» SUPPLIED ENTRIES:
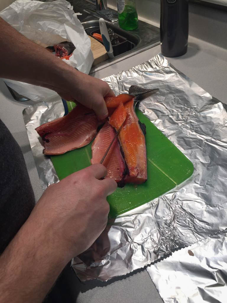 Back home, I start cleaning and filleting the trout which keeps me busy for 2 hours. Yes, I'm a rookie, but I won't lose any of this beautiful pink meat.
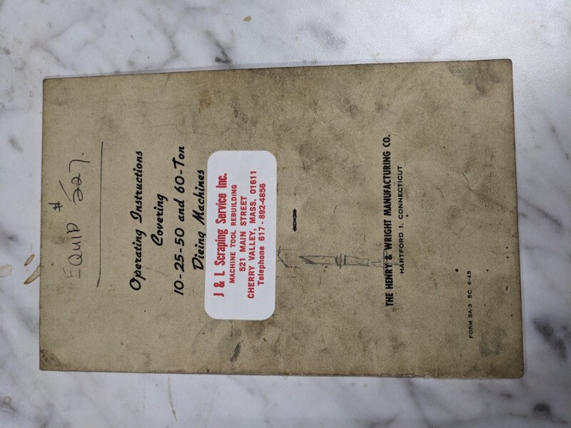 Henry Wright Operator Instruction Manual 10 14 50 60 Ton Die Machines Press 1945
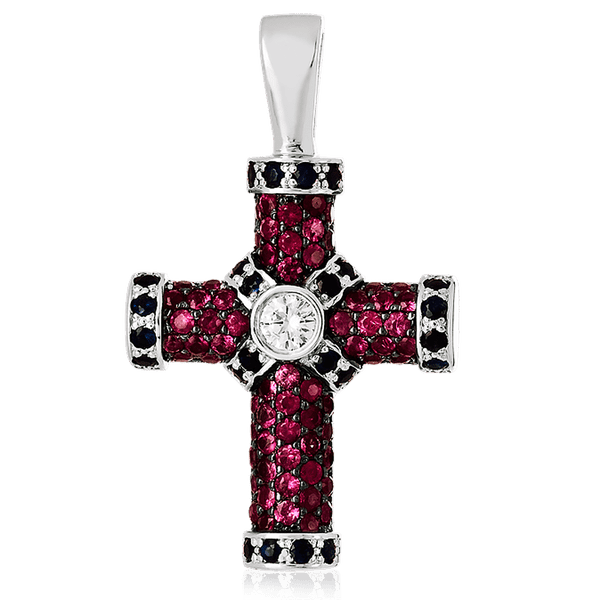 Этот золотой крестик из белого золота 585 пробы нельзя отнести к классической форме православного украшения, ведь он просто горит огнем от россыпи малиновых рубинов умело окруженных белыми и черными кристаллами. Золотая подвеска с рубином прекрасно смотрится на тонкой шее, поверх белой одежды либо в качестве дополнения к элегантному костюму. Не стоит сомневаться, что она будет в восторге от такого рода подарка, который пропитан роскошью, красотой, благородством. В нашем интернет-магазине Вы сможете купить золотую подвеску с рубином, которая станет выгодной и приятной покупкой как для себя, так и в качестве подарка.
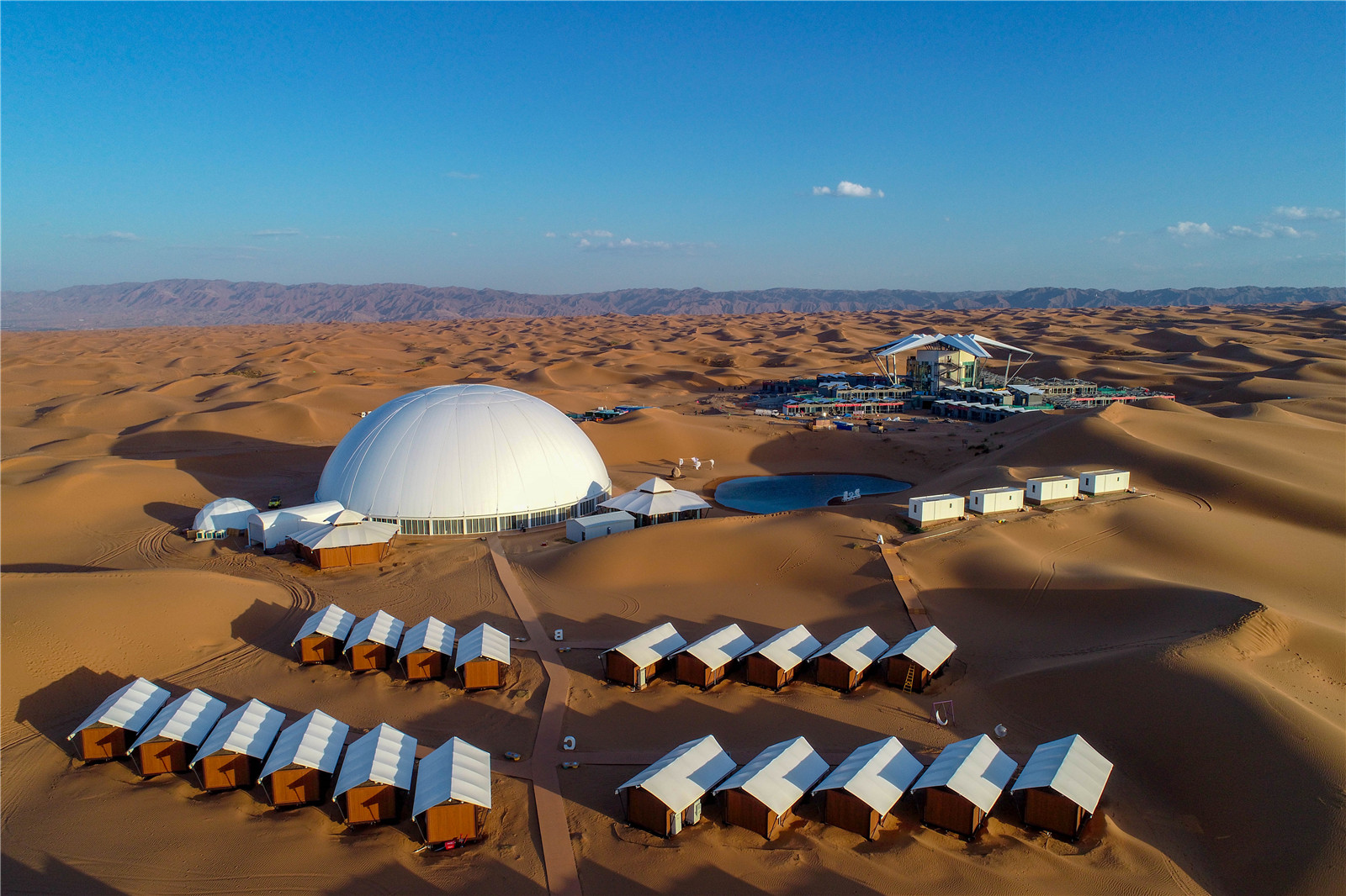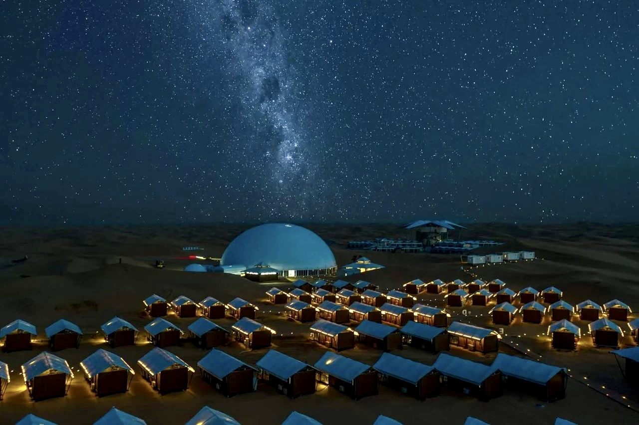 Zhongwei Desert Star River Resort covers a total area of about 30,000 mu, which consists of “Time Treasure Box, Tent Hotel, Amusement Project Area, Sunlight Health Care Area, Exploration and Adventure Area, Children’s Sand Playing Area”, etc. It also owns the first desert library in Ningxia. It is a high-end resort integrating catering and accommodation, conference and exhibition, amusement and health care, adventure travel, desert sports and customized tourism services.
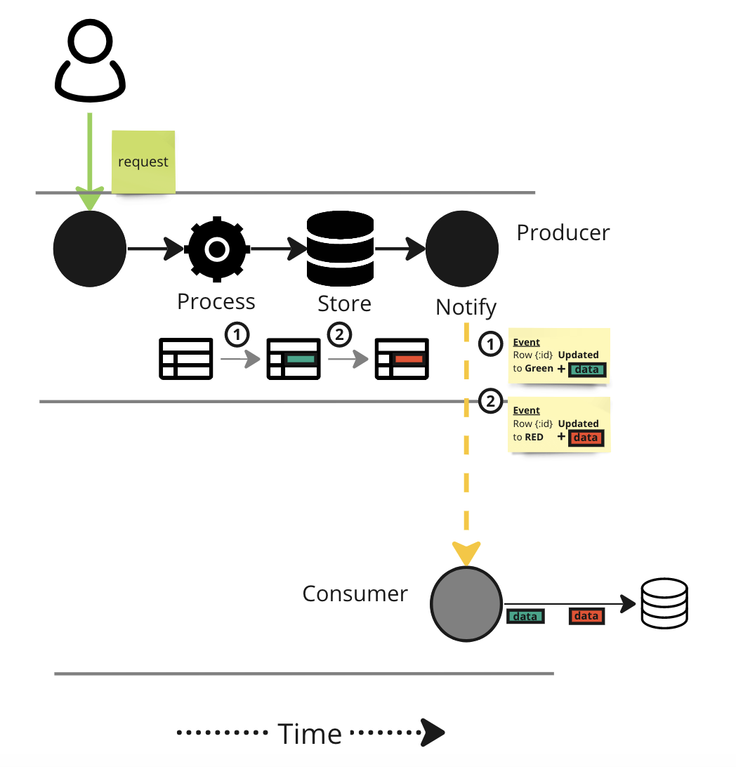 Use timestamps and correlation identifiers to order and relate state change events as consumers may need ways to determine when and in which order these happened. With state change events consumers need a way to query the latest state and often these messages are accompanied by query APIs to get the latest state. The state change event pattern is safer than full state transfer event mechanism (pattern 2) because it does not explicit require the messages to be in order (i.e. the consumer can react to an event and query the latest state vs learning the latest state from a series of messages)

» ABOUT THIS EXERCISE: Repeat the listing above from its first line through the line that contains "Henry Wright Operator", both included, and nothing more. Drop the pictures.

» RESPONSE AREA:
 Back home, I start cleaning and filleting the trout which keeps me busy for 2 hours. Yes, I'm a rookie, but I won't lose any of this beautiful pink meat.
 Henry Wright Operator Instruction Manual 10 14 50 60 Ton Die Machines Press 1945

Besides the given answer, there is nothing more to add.